Yazarlar : Damlaj M, Séguin C

Yayın : Int J Hematol

Yayın Yılı : 2014

Pubmed Linki : http://www.docguide.com/refractory-autoimmune-hemolytic-anemia-patient-digeorge-syndrome-treated-successfully-plasma-exchang?tsid=5

Konu : Transfüzyon

Literatür İçeriği :  Warm antibody autoimmune hemolytic anemia (AIHA) results from targeted antibodies towards the red blood cells (RBCs) and can be either idiopathic or secondary to certain diseases, such as autoimmune disorders or malignancy, drugs, or infection. Patients with DiGeorge syndrome are particularly vulnerable to autoimmune conditions secondary to thymic hypoplasia and dysfunction of the immune system.

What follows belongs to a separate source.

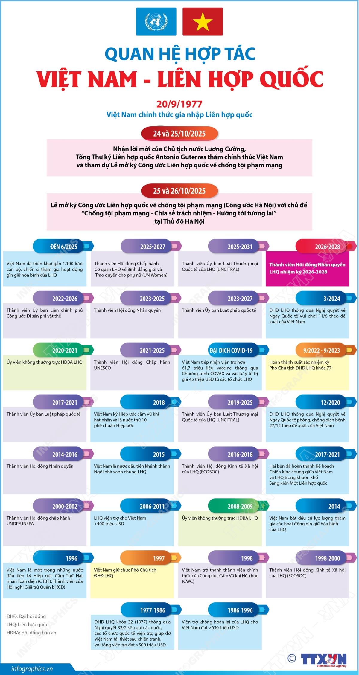 Hà Nội (TTXVN 24/10/2025) Nhận lời mời của Chủ tịch nước Lương Cường, Tổng Thư ký António Guterres thăm chính thức Việt Nam và tham dự Lễ mở ký Công ước Liên hợp quốc về chống tội phạm mạng ngày 24 và 25/10/2025.
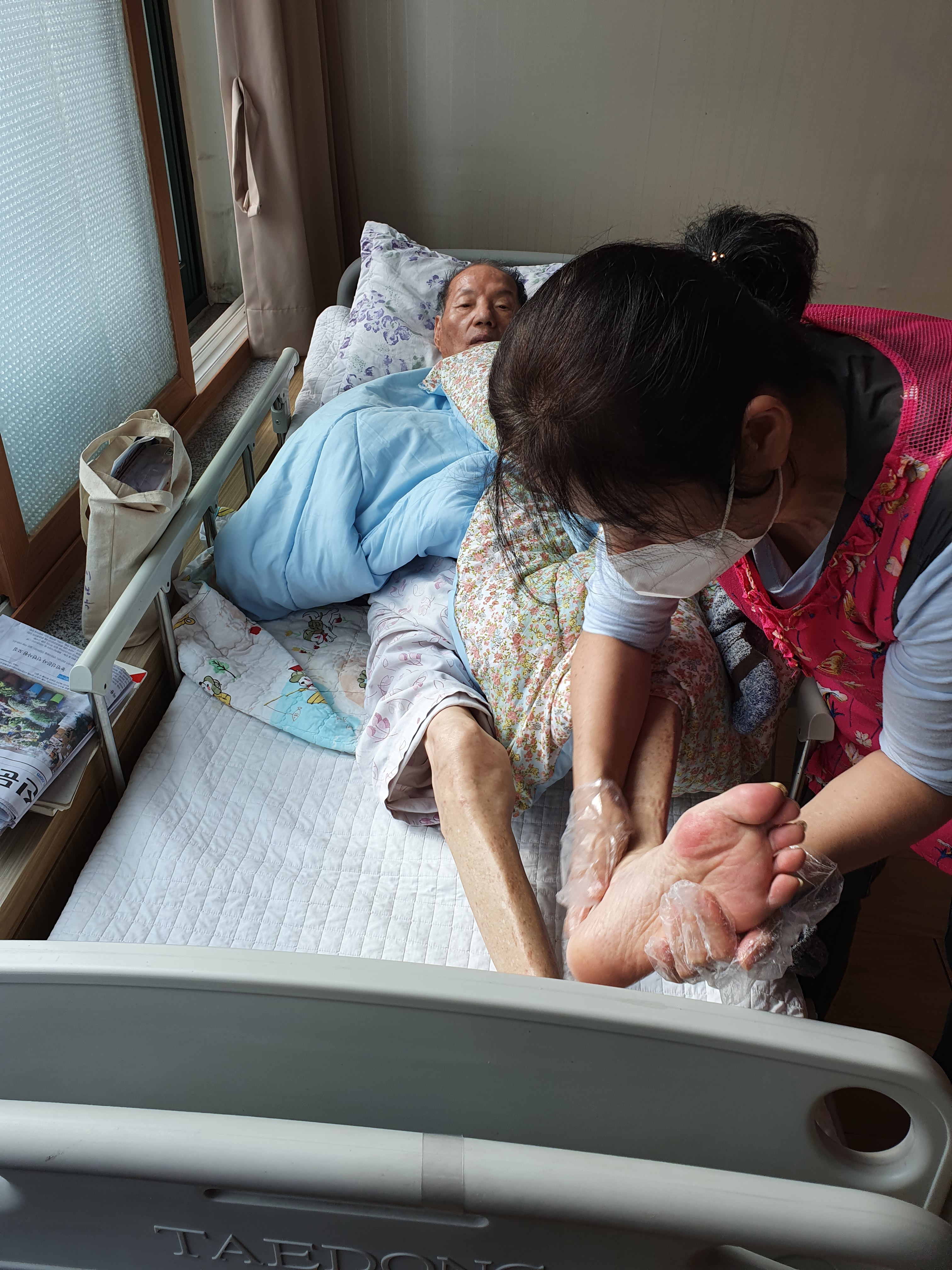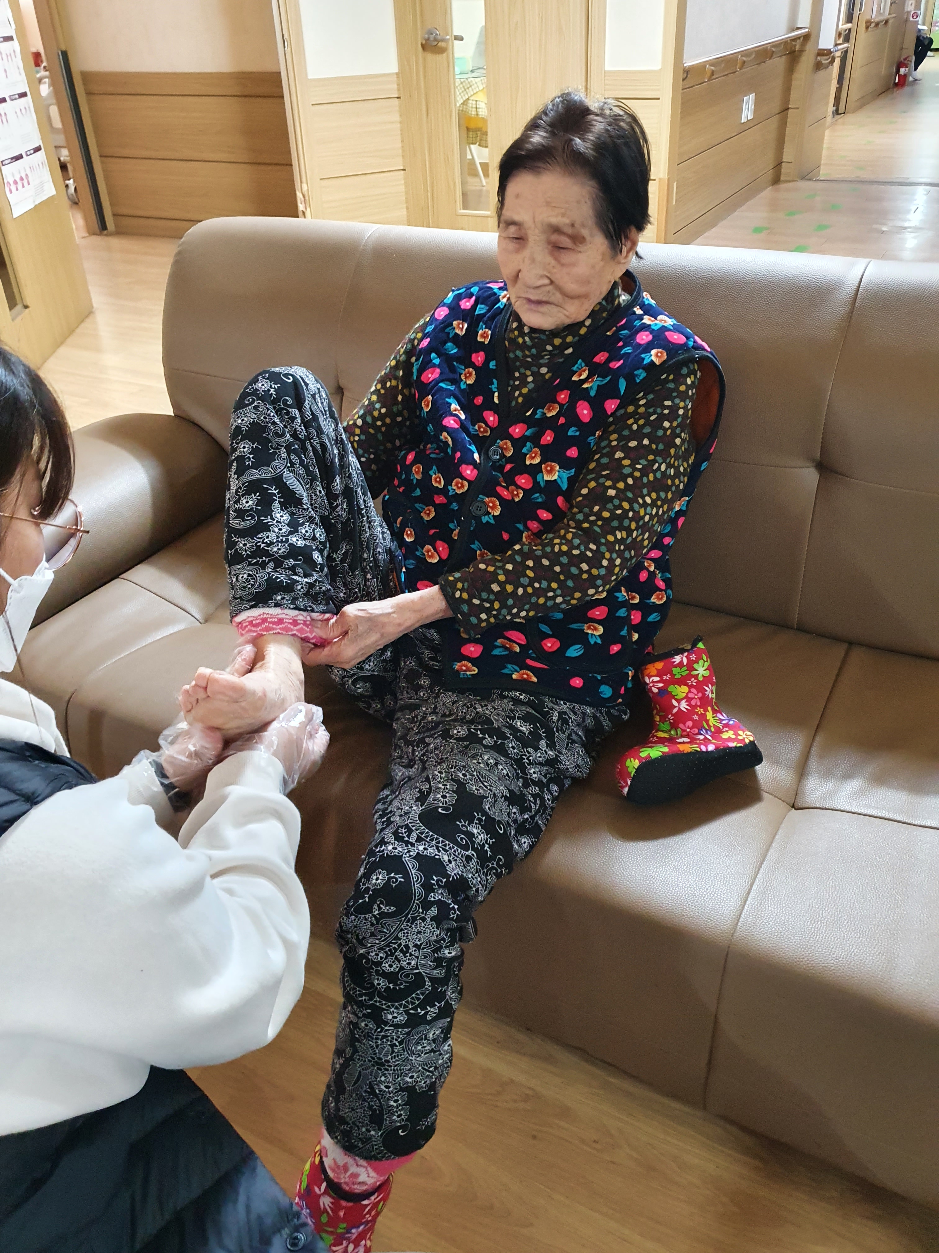 우리 모든 어르신들에게 로션을 발라드리며

First-line therapy for AIHA consists of corticosteroids, with most patients showing signs of response. Relapses are not uncommon and are treated with splenectomy or rituximab. There is a paucity of reports in the literature regarding treatment options beyond this stage. Herein, we describe an unusual case of a 20-year-old female affected by DiGeorge syndrome with a history of immune thrombocytopenia (ITP), who presented with life-threatening AIHA. Standard first- and second-line therapeutic modalities were ineffective in controlling her disease and she ultimately underwent plasma exchange therapy with successful resolution of hemolysis. At her last follow-up, one year after her initial presentation, she remains clinically well without signs of hemolysis. We conclude that in refractory cases of warm AIHA, plasma exchange therapy can be a valuable tool in the therapeutic armamentarium.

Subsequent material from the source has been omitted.